The tricky proposition of reviewing a rough-cut of a film is that it probably still has several passes through the editing suite, but since they screened Michael Jai White's directorial debut in front of many a Mixed Martial Arts enthusiast here at ActionFest, with the man in the Spawn
suit (or Black Dynamite
! if you prefer) in attendance, I'll do my best to be kind but firm to a film that needs a lot of trimming to get to the heart of things. The cut we saw must have been two hours or more, with plenty of ill-formed side-plots and attempts to flesh out character, when tightening things down to a more spare 85-90 minutes would likely be advisable. But, onward.

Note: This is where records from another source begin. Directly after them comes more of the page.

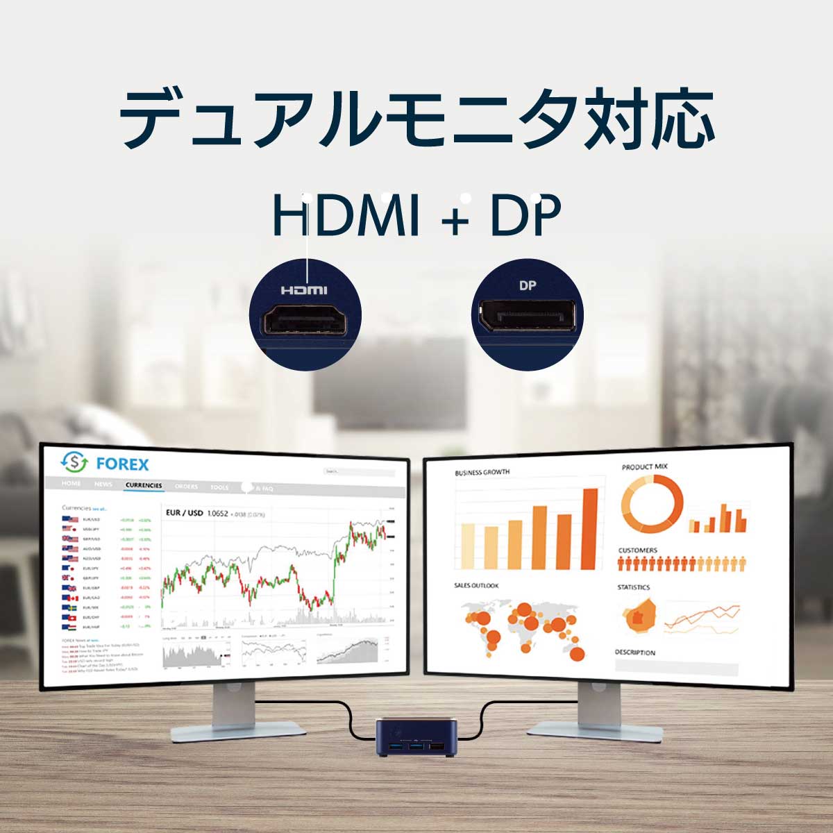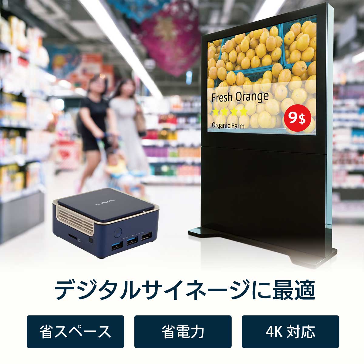 4K/60fpsの出力に対応する、HDMI 2.0、DP1.2ポートを搭載しデュアルディスプレイをサポートします。フルHDの4倍となる高解像度を60fps(秒間フレームレート)で出力することで、滑らかで自然な映像として出力できるため、デジタルサイネージなどに最適です。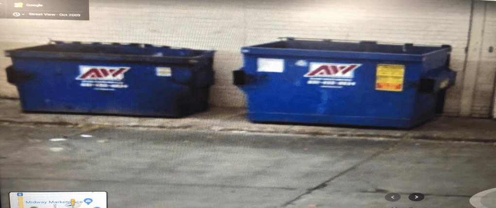 The two dumpsters along Pascal Street are facing east towards the Walmart positioned on a small sidewalk right up against the Midway building, so the lid is behind the dumpster and there is concern that Justin could close the lid. So, Officer Davis and Auggie could have had a very clear view inside of this dumpster.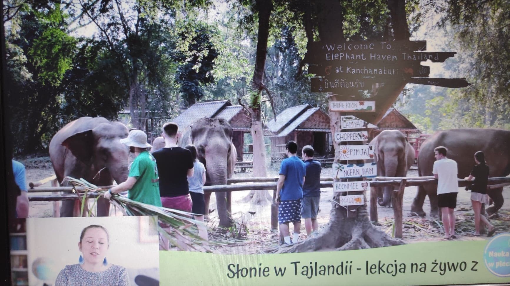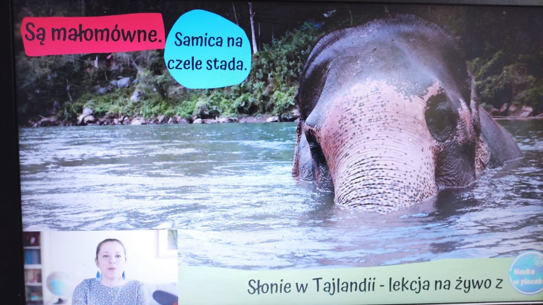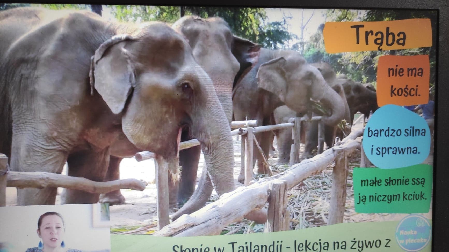 Klasy 5a, 4b i 3b brały udział w lekcji na żywo prowadzonej przez panią Sabinę Piłat, która prowadzi kanał pt. "Nauka w plecaku" z filmami edukacyjnymi nagrywanymi w podróży. Dzisiaj świętowaliśmy DZIEŃ OCHRONY SŁONI. Wybraliśmy się wspólnie do Tajlandii i zdobyliśmy sporo wiedzy o słoniach.

Cast predominantly with MMA fighters, Never Back Down II, has a story involving four guys from different background brought together under the tutelage of a retired (but still in his prime) sensei Case to battle for $10K and glory in an underground college MMA tourney, The Beatdown, ran by a hyper Zuckerberg-esque college kid replete with twitches and hyperbola (strengths in a fight promotor, and in this film the only other actor who can hold their own beyond the charismatic, above all this, Jai White). It is a tale of male-bonding and school-yard posturing and cheap, meaningless over-stylized sex that pops up on occasion. Epstein (Scottie Epstein), often a dead ringer with his moppy-goth hair for The Warrior's David Patrick Kelley, is the local comic book geek hassled by local goons who learns to fight - but goes perhaps a bit too far in his revenge quest. Zack (Alex Meraz from Twilight, not UFC, but that does not help the acting much) is a boxer with a torn retina, but still has the desire to fight (and dance and fuck.) There is hot-headed wrestler Mike who is dealing with his dad leaving him and his mother for another man. As if there isn't enough homoeroticism of sweaty men showering together and grabbling on vinyl or rubber. Lastly, there is Tim (Todd Duffee), who looks like a young Dolph Lundgren, but here is a gentle giant, and loyal right-hand-man to Case. He cooks breakfast and turns off bootie-videos for his younger siblings while his mom tries to make the mortgage payments as a waitress in a strip club. And he is trying to study for college exams, but that is quickly dropped anyway, and it is all a big stretch that asks for too much of the audience patience for this type of film. A variety of cameos from MMA luminaries show up hither and yon to legitimize the film as almost an official advertisement of the brand.
I think the mistake here is trying to have these guys act in drama, when clearly in the various training montages and big end tourney, almost all the drama and conflict is well realized on screen in the MMA fighting. Trim all the fat away, keep any scenes with White himself on screen (particularly a delightful solo smack down of the entire local police force.) The softcore sex is titillating in a Skin-e-max sort of way but completely redundant to the story (as is a love triangle that goes nowhere), ditto the home lives of all these characters. They are clay-men being hardened in the octagon, it is probably best to keep it that way. The film saves much of its goods for the end tourney where the plot and 'drama' resolves itself, Kumite style, with the fine work of fight choreographer Larnell Stovall. MMA fighting on the big screen is still in in the early stages of finding its style and rhythm, especially when you consider the long cinematic history of boxing, but things are handsome here and worth the slog of character motivation and setbacks to get there. There is a serviceable movie in here desperately trying to punch its way out of its own body fat.